== What is required ==
Give all of the listing again word for word, with images excluded.

== Recorded information ==
========

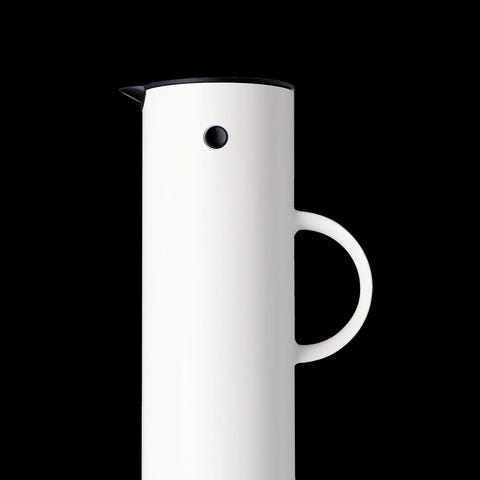 Stelton EM77 kanne og muggesett i svart. Settet inkluderer en termokanne og en mugge, designet for praktisk bruk i kjøkkenet. Materialet og størrelsen er tilpasset for daglig bruk.
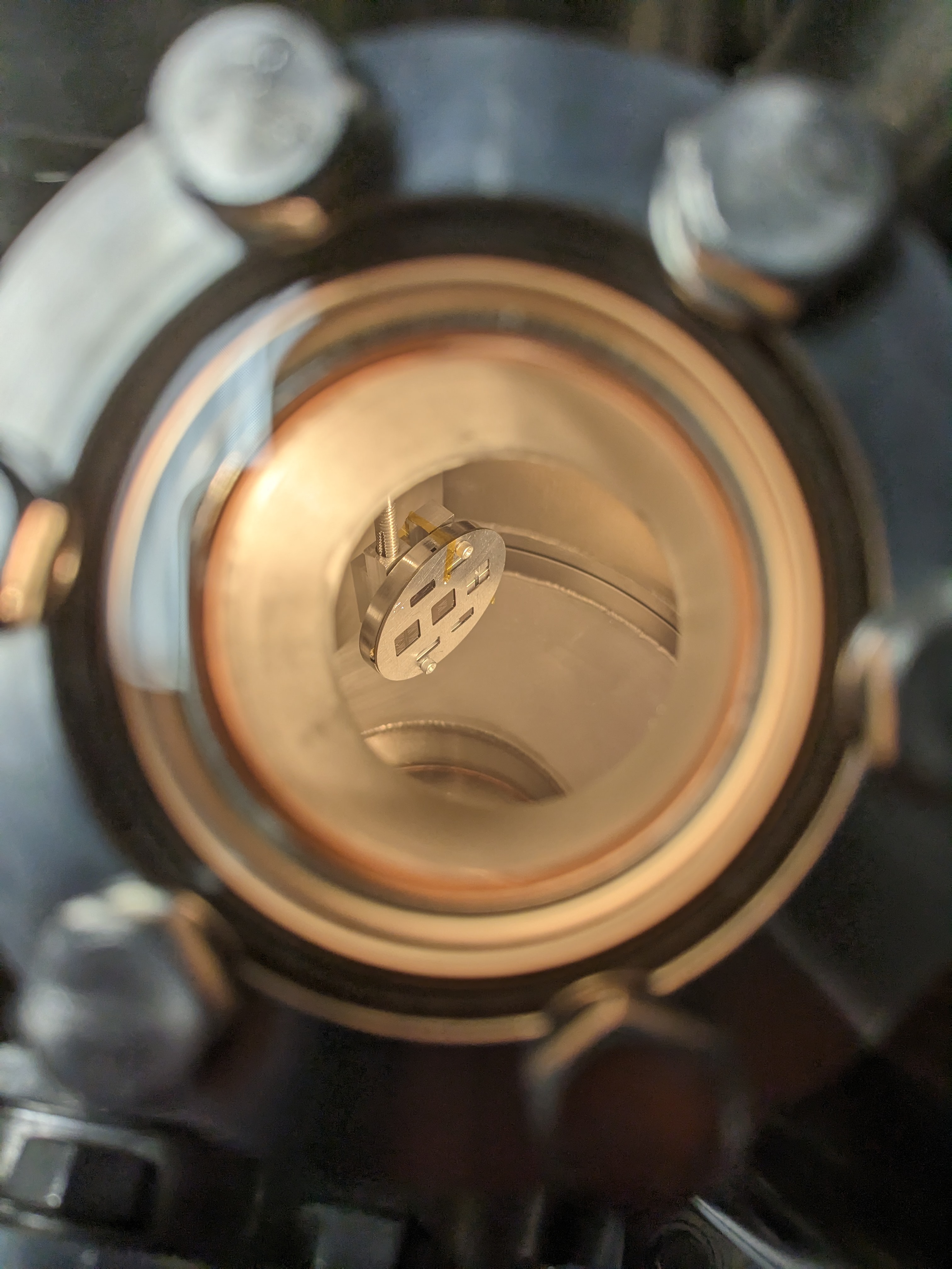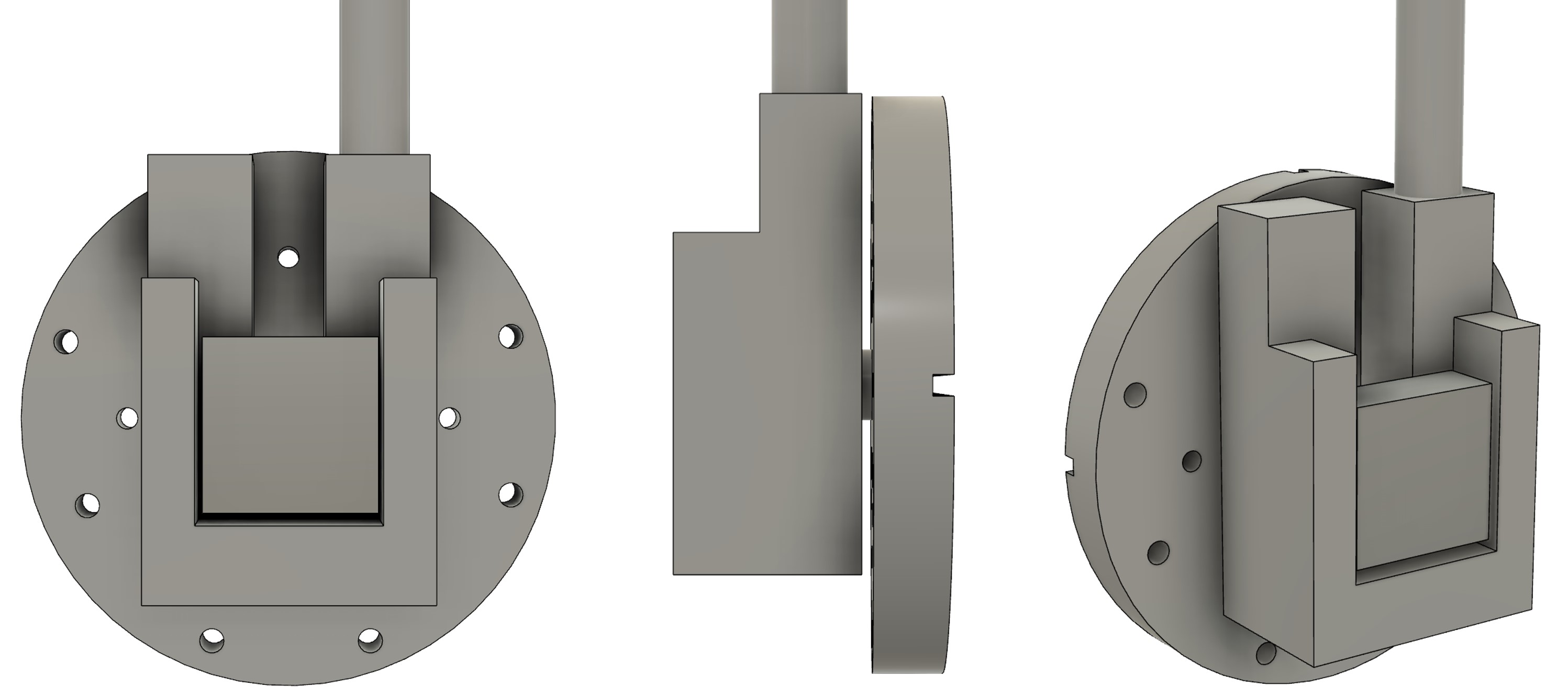 Custom sample holders: Left – CAD model in Fusion 360; Right – installed in the vacuum chamber.
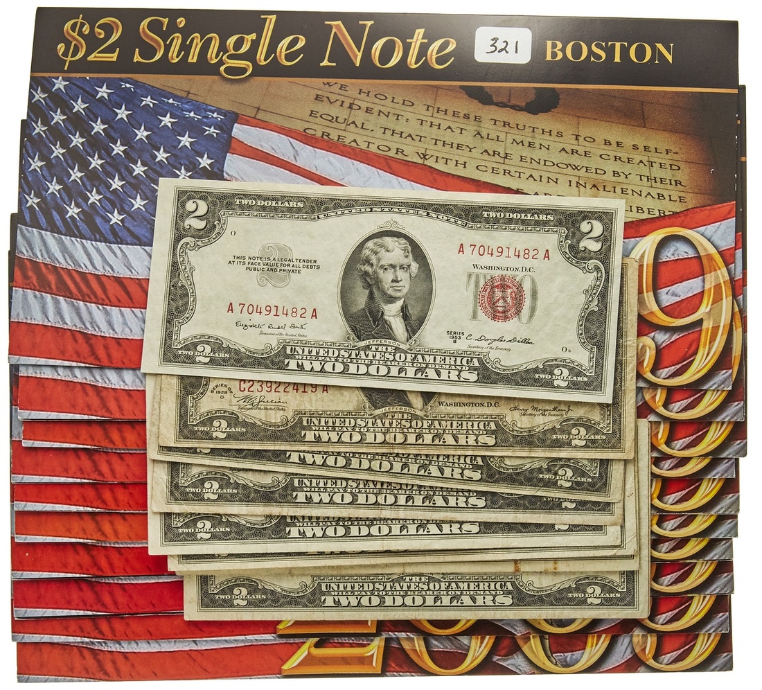 Two Dollar Bill Lot. Legal Tender: 1928 D (3), 1928 G (2). One with penciled number. VG-F+; 1953 (2), 1963. One with penciled number, Fine; 1953 B. AU but bar spindleholes at left; Federal Reserve Notes: 2003 A. Boston, NY, Philadelphia, Cleveland, Richmond, Atlanta, Chicago, St. Louis, Dallas and San Francisco. In individual BEP folders. CU. [19]

========

== Result ==
 Stelton EM77 kanne og muggesett i svart. Settet inkluderer en termokanne og en mugge, designet for praktisk bruk i kjøkkenet. Materialet og størrelsen er tilpasset for daglig bruk.
 Custom sample holders: Left – CAD model in Fusion 360; Right – installed in the vacuum chamber.
 Two Dollar Bill Lot. Legal Tender: 1928 D (3), 1928 G (2). One with penciled number. VG-F+; 1953 (2), 1963. One with penciled number, Fine; 1953 B. AU but bar spindleholes at left; Federal Reserve Notes: 2003 A. Boston, NY, Philadelphia, Cleveland, Richmond, Atlanta, Chicago, St. Louis, Dallas and San Francisco. In individual BEP folders. CU. [19]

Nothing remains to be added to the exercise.